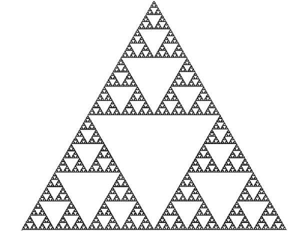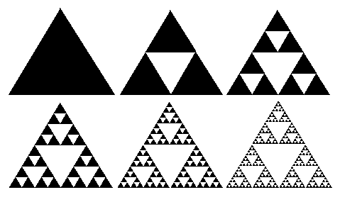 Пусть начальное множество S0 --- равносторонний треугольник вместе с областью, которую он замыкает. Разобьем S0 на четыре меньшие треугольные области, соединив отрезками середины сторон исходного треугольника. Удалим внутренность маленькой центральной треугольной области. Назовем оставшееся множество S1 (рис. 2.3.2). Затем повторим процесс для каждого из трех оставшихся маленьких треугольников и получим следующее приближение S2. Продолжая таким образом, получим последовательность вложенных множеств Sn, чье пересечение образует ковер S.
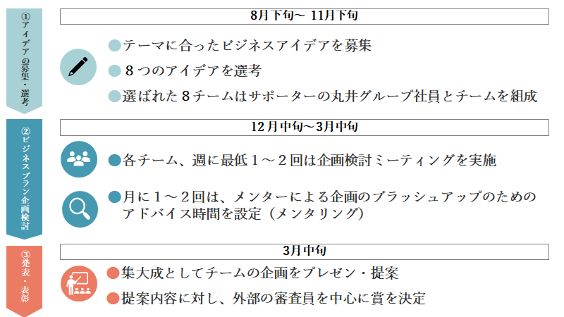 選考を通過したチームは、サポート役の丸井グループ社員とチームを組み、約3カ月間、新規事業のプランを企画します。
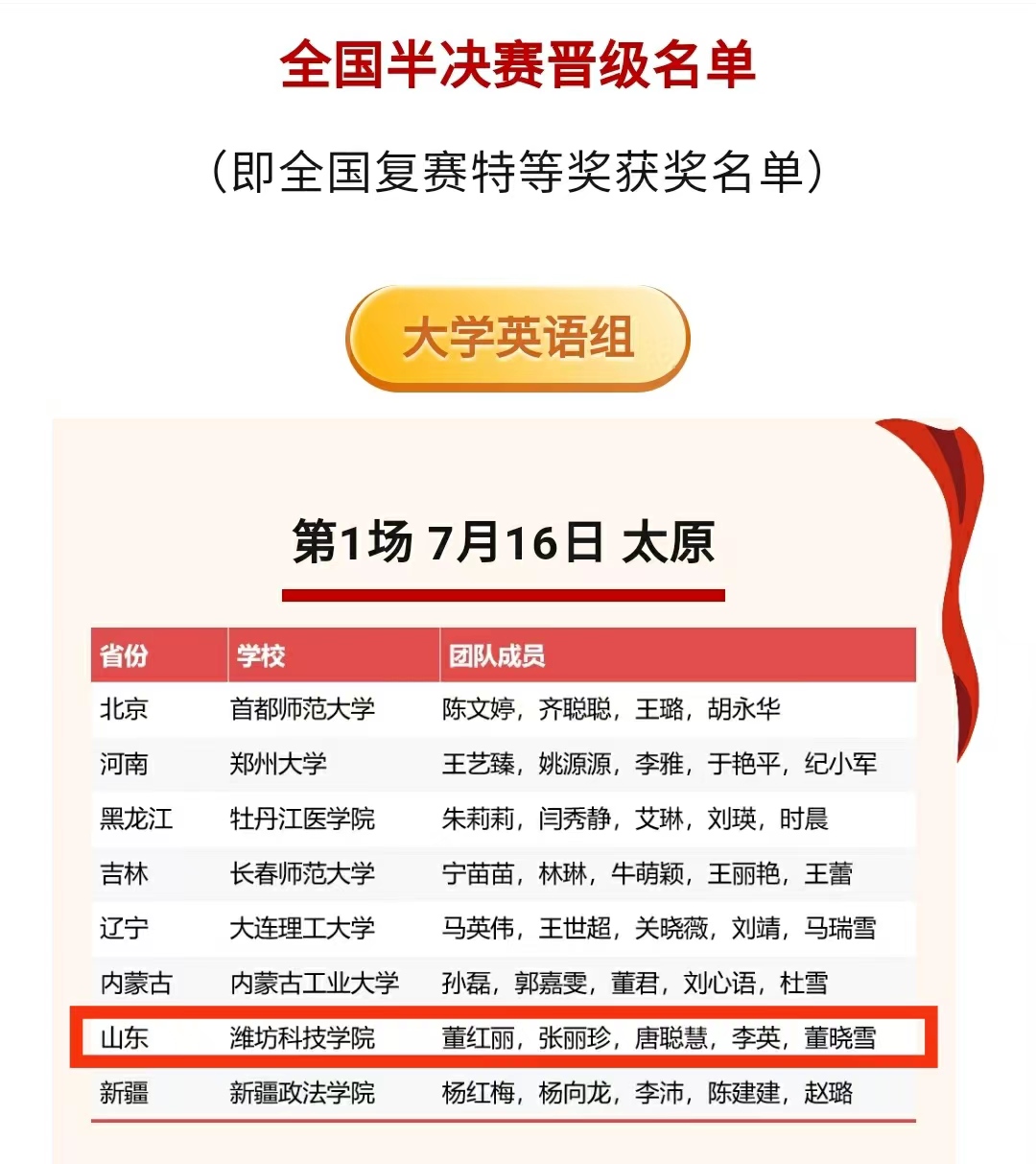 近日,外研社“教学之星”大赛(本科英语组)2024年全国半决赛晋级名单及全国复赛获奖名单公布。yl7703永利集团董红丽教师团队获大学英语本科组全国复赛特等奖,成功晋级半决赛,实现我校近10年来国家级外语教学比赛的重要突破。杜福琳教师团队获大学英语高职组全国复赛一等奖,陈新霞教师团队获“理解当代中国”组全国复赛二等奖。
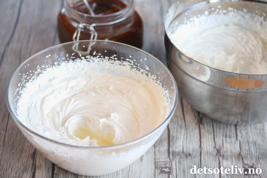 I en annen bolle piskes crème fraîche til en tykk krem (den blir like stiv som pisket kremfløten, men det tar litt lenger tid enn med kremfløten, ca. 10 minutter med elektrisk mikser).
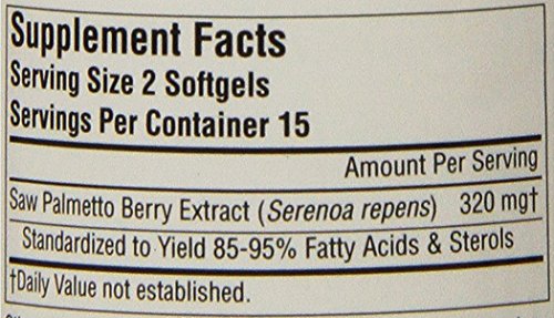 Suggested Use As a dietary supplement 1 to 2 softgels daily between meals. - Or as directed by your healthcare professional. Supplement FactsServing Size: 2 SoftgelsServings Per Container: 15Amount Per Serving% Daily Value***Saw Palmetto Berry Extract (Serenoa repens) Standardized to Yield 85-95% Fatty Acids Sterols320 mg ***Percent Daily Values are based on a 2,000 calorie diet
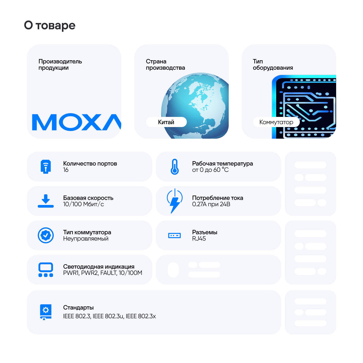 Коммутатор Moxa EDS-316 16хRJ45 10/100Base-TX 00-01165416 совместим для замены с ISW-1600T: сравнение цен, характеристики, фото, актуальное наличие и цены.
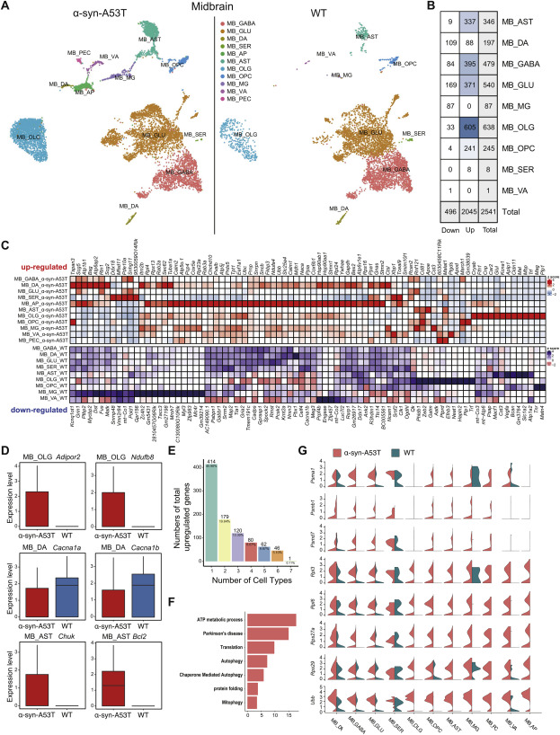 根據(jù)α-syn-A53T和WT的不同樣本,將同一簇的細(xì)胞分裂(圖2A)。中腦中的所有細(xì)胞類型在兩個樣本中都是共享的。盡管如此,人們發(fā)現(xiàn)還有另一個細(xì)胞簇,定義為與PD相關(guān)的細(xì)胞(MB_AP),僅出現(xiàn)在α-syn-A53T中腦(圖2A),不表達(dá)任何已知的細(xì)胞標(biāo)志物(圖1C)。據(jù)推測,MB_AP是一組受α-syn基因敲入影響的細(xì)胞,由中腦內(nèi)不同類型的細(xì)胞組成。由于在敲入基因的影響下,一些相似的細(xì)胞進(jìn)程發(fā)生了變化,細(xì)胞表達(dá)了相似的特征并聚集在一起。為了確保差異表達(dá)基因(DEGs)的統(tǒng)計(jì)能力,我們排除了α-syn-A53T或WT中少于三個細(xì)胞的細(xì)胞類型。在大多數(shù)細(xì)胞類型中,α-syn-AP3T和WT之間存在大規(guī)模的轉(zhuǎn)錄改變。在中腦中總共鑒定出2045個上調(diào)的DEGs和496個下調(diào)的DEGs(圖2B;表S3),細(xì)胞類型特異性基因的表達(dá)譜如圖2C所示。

▸ Action item
Give back exactly the lines from the one with "Коммутатор Moxa EDS-316" through the end of the records above, inclusive, and omit any pictures.

▸ Output of the task
 Коммутатор Moxa EDS-316 16хRJ45 10/100Base-TX 00-01165416 совместим для замены с ISW-1600T: сравнение цен, характеристики, фото, актуальное наличие и цены.
 根據(jù)α-syn-A53T和WT的不同樣本,將同一簇的細(xì)胞分裂(圖2A)。中腦中的所有細(xì)胞類型在兩個樣本中都是共享的。盡管如此,人們發(fā)現(xiàn)還有另一個細(xì)胞簇,定義為與PD相關(guān)的細(xì)胞(MB_AP),僅出現(xiàn)在α-syn-A53T中腦(圖2A),不表達(dá)任何已知的細(xì)胞標(biāo)志物(圖1C)。據(jù)推測,MB_AP是一組受α-syn基因敲入影響的細(xì)胞,由中腦內(nèi)不同類型的細(xì)胞組成。由于在敲入基因的影響下,一些相似的細(xì)胞進(jìn)程發(fā)生了變化,細(xì)胞表達(dá)了相似的特征并聚集在一起。為了確保差異表達(dá)基因(DEGs)的統(tǒng)計(jì)能力,我們排除了α-syn-A53T或WT中少于三個細(xì)胞的細(xì)胞類型。在大多數(shù)細(xì)胞類型中,α-syn-AP3T和WT之間存在大規(guī)模的轉(zhuǎn)錄改變。在中腦中總共鑒定出2045個上調(diào)的DEGs和496個下調(diào)的DEGs(圖2B;表S3),細(xì)胞類型特異性基因的表達(dá)譜如圖2C所示。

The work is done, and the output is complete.